I’d been warned about poor service at the Inn, and sadly, my informant proved correct. I’ve analyzed (and over-analyzed) my experience, and yes, the service was poor — it wasn’t just my friend’s opinion informing that assessment.

As it was a hectic Friday night, I decided to take it easy on my service ranking. Even so, I became increasingly fed up with our server.

Once he realized our table wouldn’t be ordering beverages of the alcoholic variety (sometimes going for dinner means just dinner), his tableside appearances drastically dropped off. Water glasses always needed refilling, and when our order arrived, no one could eat — cutlery hadn’t been provided. Side plates from the appetizer remained on the table till the bill arrived.

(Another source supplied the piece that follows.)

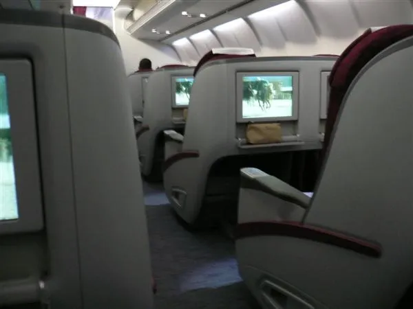 意外地,這次登機不用查文件,終於上到機,找位子,找著找著,越行越前,真的是 business class!還沒坐好,服務員便問我想喝什麼。想不到,第一次,可能是最後一次坐這種 class,是在這種情況。

Thankfully, we enjoyed the food. Sharing nachos ($16.75) seemed like a good idea, but we all overate (forgetting meals were still on the way) with good reason. The chips were dusted with chili and lime and topped with roasted corn salsa, jack and smoked cheddar cheese. A great share plate for five or six Tex-Mex-loving friends.

One friend chomped down the Fernwood burger ($12.50) with fries. Even with no cheese or bacon, the bite of housemade sirloin patty I tried tasted rich, most likely due to a soft ciabatta bun and smoked paprika aioli (similar to chipotle mayo).

I veered away from standard pub fare, ordering the polenta and prawn skillet ($14.50). A generous square of griddle-cooked polenta, normally bland as is, married well with sautéed chorizo, plump prawns, tomato wedges, goat cheese dollops and watercress. Polenta, made from ground cornmeal, worked surprisingly well with the peppery watercress. Large portions meant takeout boxes a-plenty for everyone at the table when we departed.

My friend enjoyed the music blasting over the sound system, but I heard not one lyric of any song: boisterous room chatter masked the words. The Fernwood Inn is a pub at heart, not a quiet bistro, despite its elegant decor elements. Massive mirrors, stained glass and rich wall tones subvert the tavern experience.

Despite my brush with poor service, I found the Fernwood Inn is worth it for the food. Go forth and taste it for yourself.